REQUIREMENT ▸ Look below for the line with "Μετάφραση του πρωτοτύπου" and the line with "Handwoven Cotton Silk". Copy exactly those two lines and every line between, but not the pictures.

DATASET RECORDS ▸
•••••
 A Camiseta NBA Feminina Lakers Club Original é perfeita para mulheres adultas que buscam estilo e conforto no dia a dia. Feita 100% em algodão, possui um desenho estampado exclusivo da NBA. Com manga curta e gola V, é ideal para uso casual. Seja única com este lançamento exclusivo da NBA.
•••••
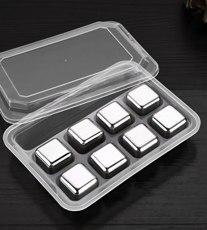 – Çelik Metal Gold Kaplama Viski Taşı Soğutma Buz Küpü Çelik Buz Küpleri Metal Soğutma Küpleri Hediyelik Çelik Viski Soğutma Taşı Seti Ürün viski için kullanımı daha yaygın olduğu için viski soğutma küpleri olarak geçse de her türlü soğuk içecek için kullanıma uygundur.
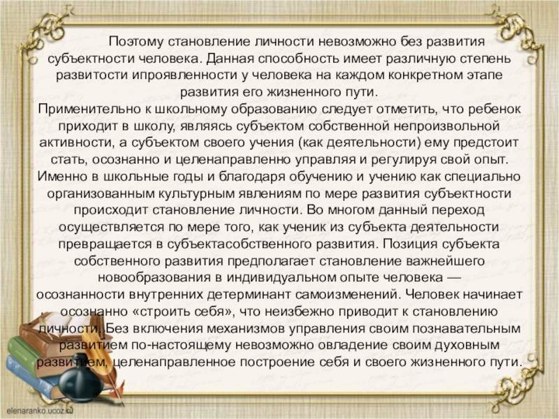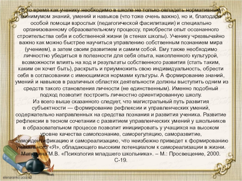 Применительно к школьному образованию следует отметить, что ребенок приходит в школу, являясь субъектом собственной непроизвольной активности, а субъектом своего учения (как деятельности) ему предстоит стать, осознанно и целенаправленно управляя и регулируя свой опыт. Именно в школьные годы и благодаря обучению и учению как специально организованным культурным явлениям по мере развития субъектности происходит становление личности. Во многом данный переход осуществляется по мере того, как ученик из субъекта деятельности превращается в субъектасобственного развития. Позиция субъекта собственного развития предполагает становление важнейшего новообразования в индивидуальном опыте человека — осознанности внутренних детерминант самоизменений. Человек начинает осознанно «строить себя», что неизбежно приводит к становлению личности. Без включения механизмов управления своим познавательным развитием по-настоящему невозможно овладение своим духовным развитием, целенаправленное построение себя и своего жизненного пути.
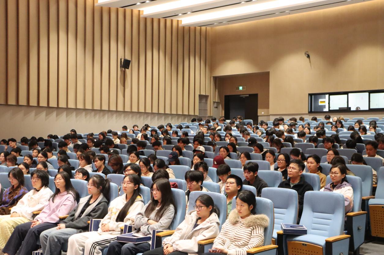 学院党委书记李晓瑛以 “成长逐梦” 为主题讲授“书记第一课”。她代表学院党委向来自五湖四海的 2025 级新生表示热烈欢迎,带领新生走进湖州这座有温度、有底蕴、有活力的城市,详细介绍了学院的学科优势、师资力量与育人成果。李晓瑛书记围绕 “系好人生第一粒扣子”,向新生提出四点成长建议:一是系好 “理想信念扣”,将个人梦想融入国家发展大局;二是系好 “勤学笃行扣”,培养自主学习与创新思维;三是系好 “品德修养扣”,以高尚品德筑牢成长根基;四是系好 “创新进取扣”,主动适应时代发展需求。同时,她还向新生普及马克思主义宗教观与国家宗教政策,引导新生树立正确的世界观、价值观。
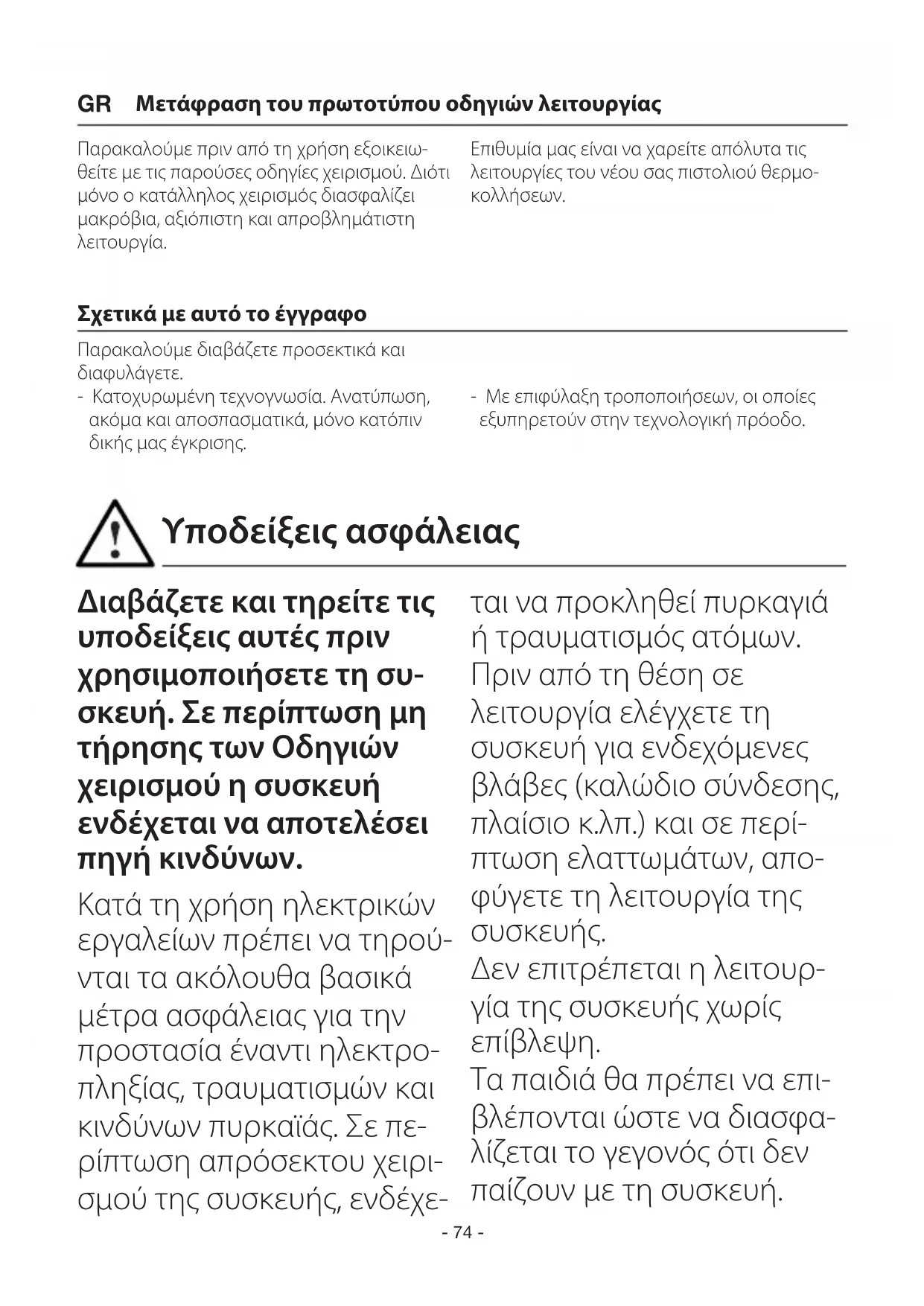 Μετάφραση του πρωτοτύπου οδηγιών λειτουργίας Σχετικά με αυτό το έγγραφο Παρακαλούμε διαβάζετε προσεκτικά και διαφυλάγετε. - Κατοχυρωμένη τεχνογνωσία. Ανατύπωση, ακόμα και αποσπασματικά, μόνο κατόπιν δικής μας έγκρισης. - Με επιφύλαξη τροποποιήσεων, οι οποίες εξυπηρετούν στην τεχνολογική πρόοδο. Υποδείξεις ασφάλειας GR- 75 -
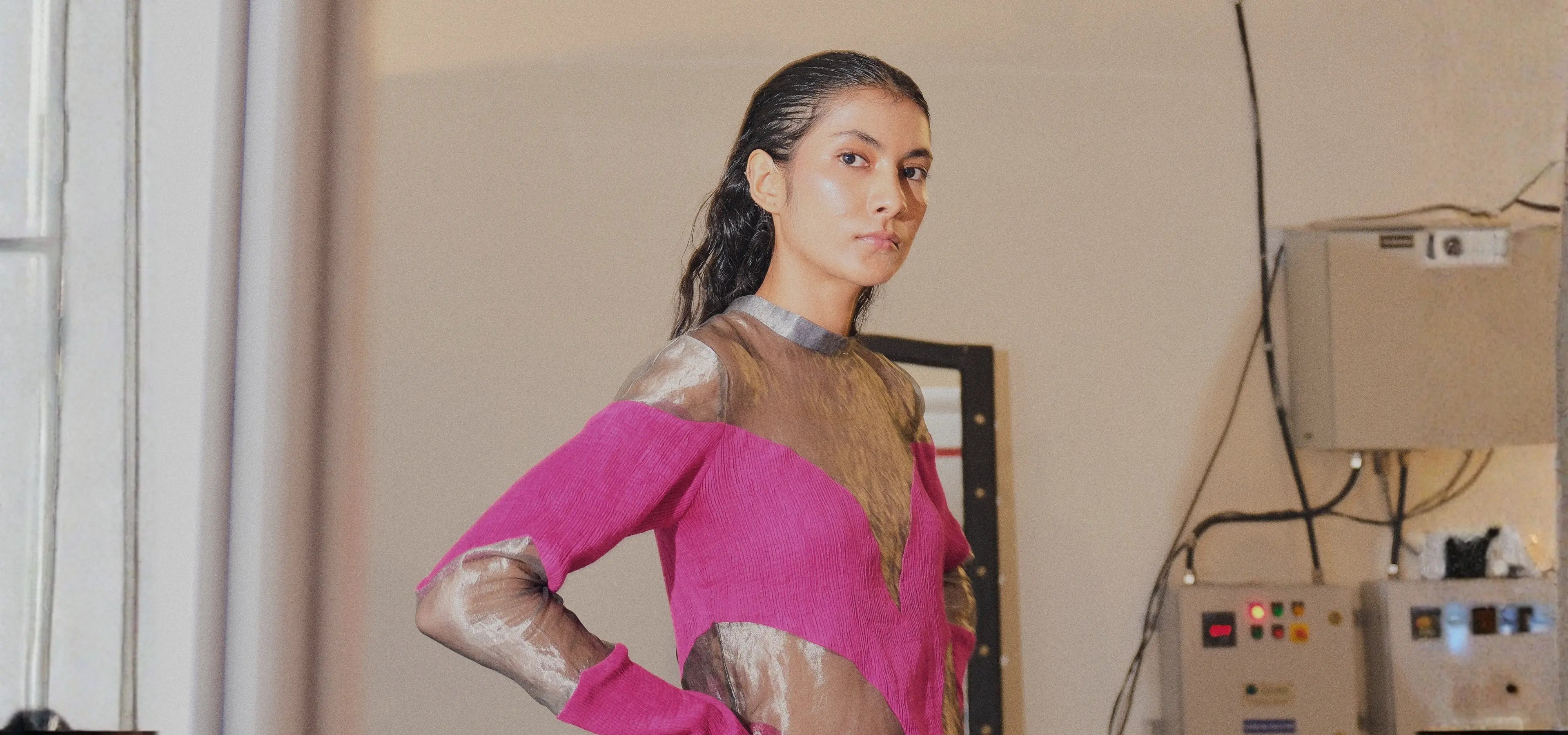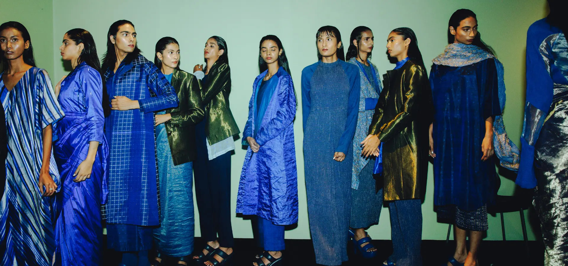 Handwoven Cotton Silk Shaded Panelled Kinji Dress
•••••
EXPECTED ANSWER ▸
 Μετάφραση του πρωτοτύπου οδηγιών λειτουργίας Σχετικά με αυτό το έγγραφο Παρακαλούμε διαβάζετε προσεκτικά και διαφυλάγετε. - Κατοχυρωμένη τεχνογνωσία. Ανατύπωση, ακόμα και αποσπασματικά, μόνο κατόπιν δικής μας έγκρισης. - Με επιφύλαξη τροποποιήσεων, οι οποίες εξυπηρετούν στην τεχνολογική πρόοδο. Υποδείξεις ασφάλειας GR- 75 -
 Handwoven Cotton Silk Shaded Panelled Kinji Dress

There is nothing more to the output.